Download or read book Section 1967 Recent Acquisitions in Modern Art written by University of California, Berkeley. Art Museum and published by Univ of California Press. This book was released on with total page 166 pages. Available in PDF, EPUB and Kindle. Book excerpt:
Download or read book Late Thoughts written by Karen Painter and published by Getty Publications. This book was released on 2006 with total page 252 pages. Available in PDF, EPUB and Kindle. Book excerpt: Collects nine essays that discusses the creativity of influential artists, as well as the legacy of their work following their deaths, and covers Wolfgang Amadeus Mozart, Piet Mondrian, Frank Gehry, and others.

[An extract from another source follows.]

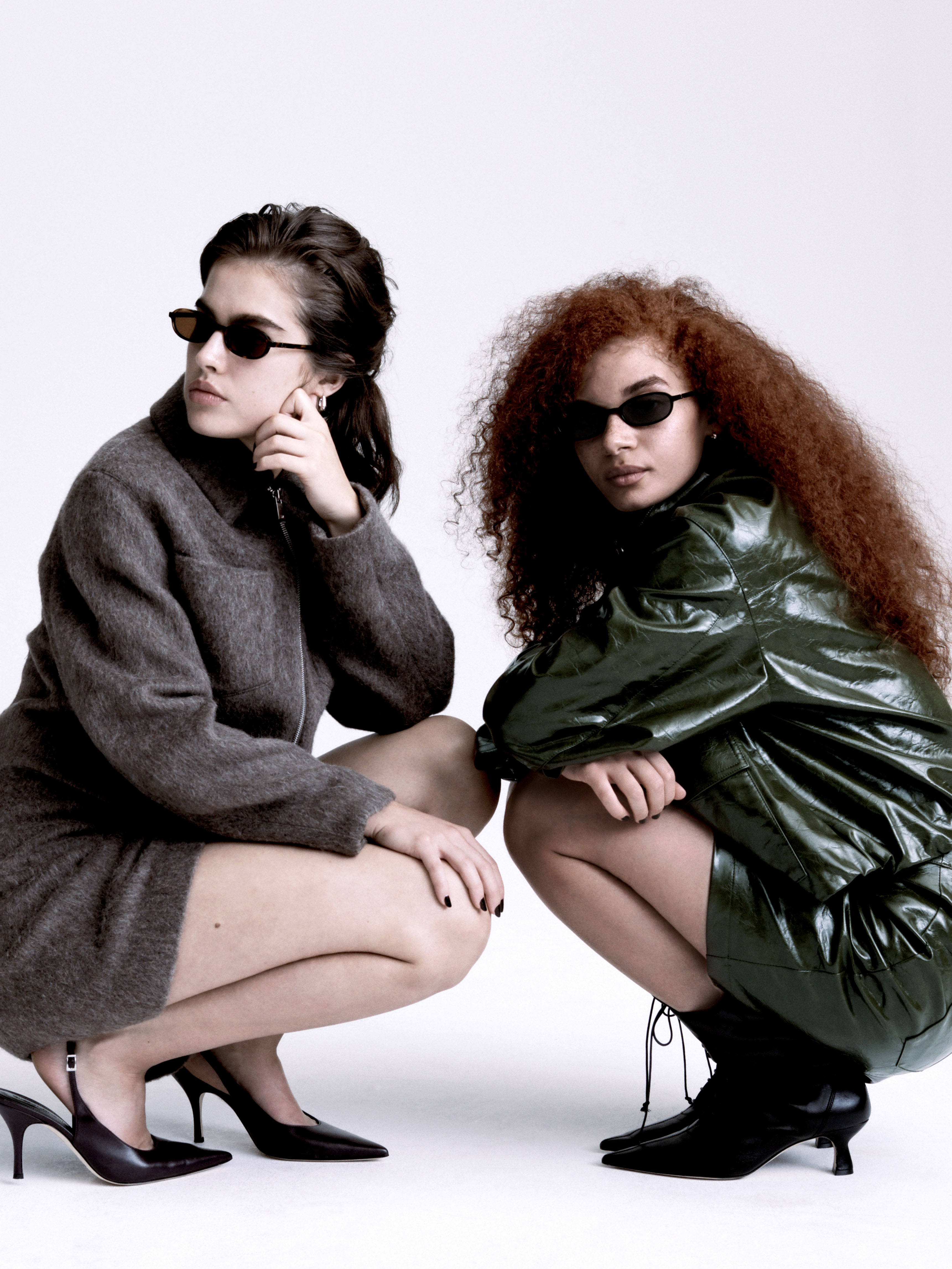 Lily wears Whistles jacket and skirt, Russell & Bromley heels, Jimmy Fairly sunglasses, Lines and Current earrings Rayan wears River Island jacket and skirt, Russell & Bromley boots, Jimmy Fairly sunglasses, Lines and Current earrings
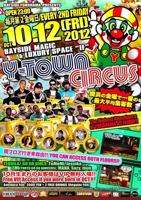 横浜最大級のクラブベイサイド横浜にて10月12日(第二金曜日)、Y-TOWN CIRCUSが開催!!

Download or read book Vanished Act written by James Reidel and published by U of Nebraska Press. This book was released on 2007-03-01 with total page 444 pages. Available in PDF, EPUB and Kindle. Book excerpt: Critic, novelist, filmmaker, jazz musician, painter, and, above all, poet, Weldon Kees performed, practiced, and published with the best of his generation of artists—the so-called middle generation, which included Robert Lowell, Elizabeth Bishop, and John Berryman. His dramatic disappearance (a probable suicide) at the age of forty-one, his movie-star good looks, his role in various movements of the day, and his shifting relationships with key figures in the arts have made him one of the more intriguing—and elusive—artists of the time. In this long-awaited biography, James Reidel presents the first full account of Kees’s troubled yet remarkably accomplished life. Reidel traces Kees’s career from his birth in 1914 and boyhood in Beatrice, Nebraska, to his stint as an award-winning short-story writer and novelist, his rise as a poet and critic in New York, his branching off into abstract expressionism, jazz music, and theater, and his experimental and scientific filmmaking and photography. Going beyond the cult status that has grown up around Kees over the years, this work fairly and judiciously places him as a cultural adventurer at a particularly rich and significant moment in postwar twentieth-century America.